Material provided:
::::::

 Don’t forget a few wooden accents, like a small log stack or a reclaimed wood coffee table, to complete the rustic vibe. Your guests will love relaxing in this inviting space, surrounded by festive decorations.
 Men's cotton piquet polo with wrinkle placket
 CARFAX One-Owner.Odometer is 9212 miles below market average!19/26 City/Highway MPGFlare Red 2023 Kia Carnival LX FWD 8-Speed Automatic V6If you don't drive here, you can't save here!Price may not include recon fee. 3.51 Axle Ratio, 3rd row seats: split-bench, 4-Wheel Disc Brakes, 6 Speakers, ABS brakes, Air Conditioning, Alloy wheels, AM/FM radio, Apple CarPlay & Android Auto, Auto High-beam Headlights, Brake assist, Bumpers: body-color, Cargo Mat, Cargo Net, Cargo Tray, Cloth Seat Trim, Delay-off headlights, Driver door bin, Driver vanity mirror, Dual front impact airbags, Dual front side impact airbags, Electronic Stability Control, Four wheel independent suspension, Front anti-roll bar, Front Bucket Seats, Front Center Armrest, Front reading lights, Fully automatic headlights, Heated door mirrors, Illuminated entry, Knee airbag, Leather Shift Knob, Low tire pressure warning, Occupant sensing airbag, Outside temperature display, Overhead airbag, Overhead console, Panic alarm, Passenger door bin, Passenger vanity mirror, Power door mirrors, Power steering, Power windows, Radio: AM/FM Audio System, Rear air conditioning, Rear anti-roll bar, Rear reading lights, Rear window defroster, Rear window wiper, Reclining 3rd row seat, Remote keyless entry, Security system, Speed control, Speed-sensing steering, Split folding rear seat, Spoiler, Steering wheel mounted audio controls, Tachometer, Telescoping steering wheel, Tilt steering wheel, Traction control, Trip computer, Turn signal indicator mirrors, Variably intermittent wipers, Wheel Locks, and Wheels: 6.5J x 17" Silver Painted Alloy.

::::::

What the exercise asks:
Set down the whole listing once more, precisely as written.

Answer to this exercise:
 Don’t forget a few wooden accents, like a small log stack or a reclaimed wood coffee table, to complete the rustic vibe. Your guests will love relaxing in this inviting space, surrounded by festive decorations.
 Men's cotton piquet polo with wrinkle placket
 CARFAX One-Owner.Odometer is 9212 miles below market average!19/26 City/Highway MPGFlare Red 2023 Kia Carnival LX FWD 8-Speed Automatic V6If you don't drive here, you can't save here!Price may not include recon fee. 3.51 Axle Ratio, 3rd row seats: split-bench, 4-Wheel Disc Brakes, 6 Speakers, ABS brakes, Air Conditioning, Alloy wheels, AM/FM radio, Apple CarPlay & Android Auto, Auto High-beam Headlights, Brake assist, Bumpers: body-color, Cargo Mat, Cargo Net, Cargo Tray, Cloth Seat Trim, Delay-off headlights, Driver door bin, Driver vanity mirror, Dual front impact airbags, Dual front side impact airbags, Electronic Stability Control, Four wheel independent suspension, Front anti-roll bar, Front Bucket Seats, Front Center Armrest, Front reading lights, Fully automatic headlights, Heated door mirrors, Illuminated entry, Knee airbag, Leather Shift Knob, Low tire pressure warning, Occupant sensing airbag, Outside temperature display, Overhead airbag, Overhead console, Panic alarm, Passenger door bin, Passenger vanity mirror, Power door mirrors, Power steering, Power windows, Radio: AM/FM Audio System, Rear air conditioning, Rear anti-roll bar, Rear reading lights, Rear window defroster, Rear window wiper, Reclining 3rd row seat, Remote keyless entry, Security system, Speed control, Speed-sensing steering, Split folding rear seat, Spoiler, Steering wheel mounted audio controls, Tachometer, Telescoping steering wheel, Tilt steering wheel, Traction control, Trip computer, Turn signal indicator mirrors, Variably intermittent wipers, Wheel Locks, and Wheels: 6.5J x 17" Silver Painted Alloy.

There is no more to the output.